Information provided:
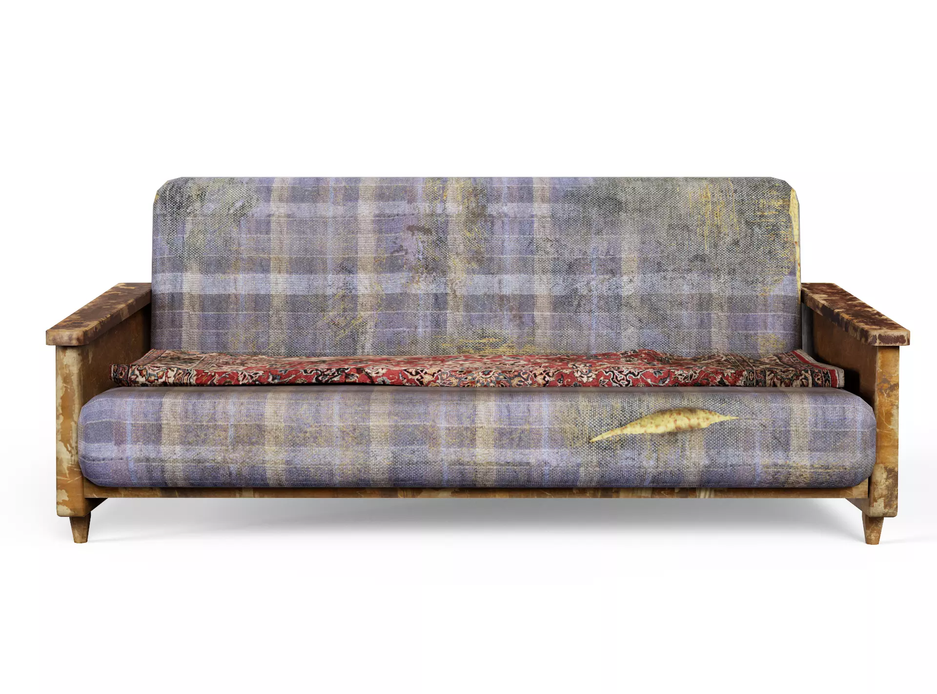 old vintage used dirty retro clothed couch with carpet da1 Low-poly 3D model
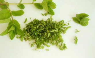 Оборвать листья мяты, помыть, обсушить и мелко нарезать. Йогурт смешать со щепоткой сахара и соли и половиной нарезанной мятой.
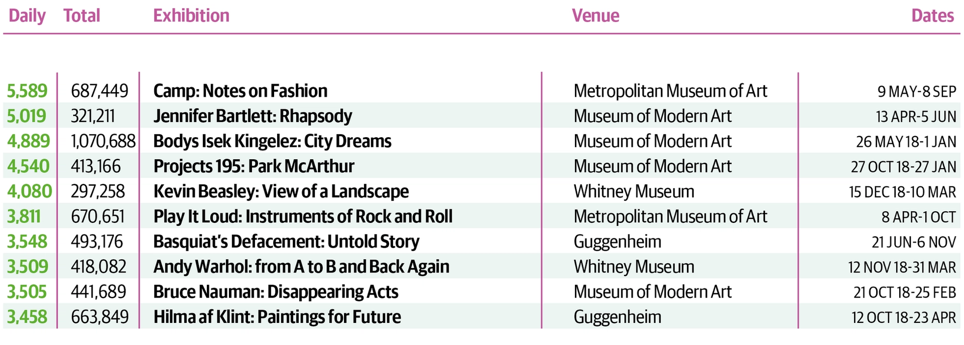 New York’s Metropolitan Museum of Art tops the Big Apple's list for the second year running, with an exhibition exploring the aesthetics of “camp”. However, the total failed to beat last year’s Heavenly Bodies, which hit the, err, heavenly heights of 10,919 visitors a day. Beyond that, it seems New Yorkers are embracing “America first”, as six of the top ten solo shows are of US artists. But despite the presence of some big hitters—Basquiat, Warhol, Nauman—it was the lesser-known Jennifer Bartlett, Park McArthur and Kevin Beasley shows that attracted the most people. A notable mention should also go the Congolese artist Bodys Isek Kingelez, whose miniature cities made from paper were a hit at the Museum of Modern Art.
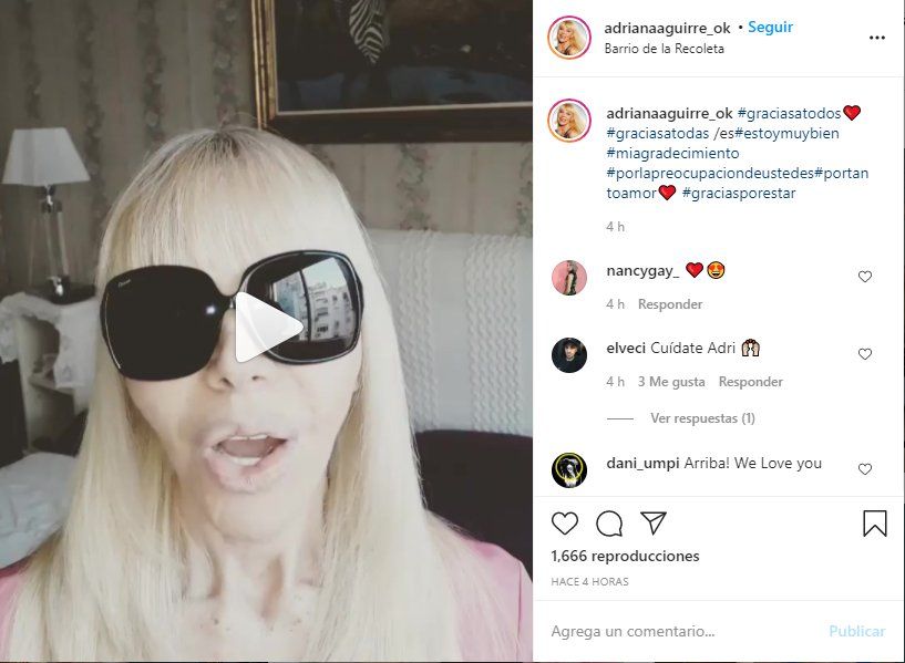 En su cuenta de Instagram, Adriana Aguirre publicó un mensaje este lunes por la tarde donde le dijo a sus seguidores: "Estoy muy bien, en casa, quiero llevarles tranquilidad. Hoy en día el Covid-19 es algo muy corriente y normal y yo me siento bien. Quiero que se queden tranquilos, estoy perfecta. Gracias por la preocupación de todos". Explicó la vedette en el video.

What is expected: Return the material above in exact form. Pictures stay out.

Problem solution:
 old vintage used dirty retro clothed couch with carpet da1 Low-poly 3D model
 Оборвать листья мяты, помыть, обсушить и мелко нарезать. Йогурт смешать со щепоткой сахара и соли и половиной нарезанной мятой.
 New York’s Metropolitan Museum of Art tops the Big Apple's list for the second year running, with an exhibition exploring the aesthetics of “camp”. However, the total failed to beat last year’s Heavenly Bodies, which hit the, err, heavenly heights of 10,919 visitors a day. Beyond that, it seems New Yorkers are embracing “America first”, as six of the top ten solo shows are of US artists. But despite the presence of some big hitters—Basquiat, Warhol, Nauman—it was the lesser-known Jennifer Bartlett, Park McArthur and Kevin Beasley shows that attracted the most people. A notable mention should also go the Congolese artist Bodys Isek Kingelez, whose miniature cities made from paper were a hit at the Museum of Modern Art.
 En su cuenta de Instagram, Adriana Aguirre publicó un mensaje este lunes por la tarde donde le dijo a sus seguidores: "Estoy muy bien, en casa, quiero llevarles tranquilidad. Hoy en día el Covid-19 es algo muy corriente y normal y yo me siento bien. Quiero que se queden tranquilos, estoy perfecta. Gracias por la preocupación de todos". Explicó la vedette en el video.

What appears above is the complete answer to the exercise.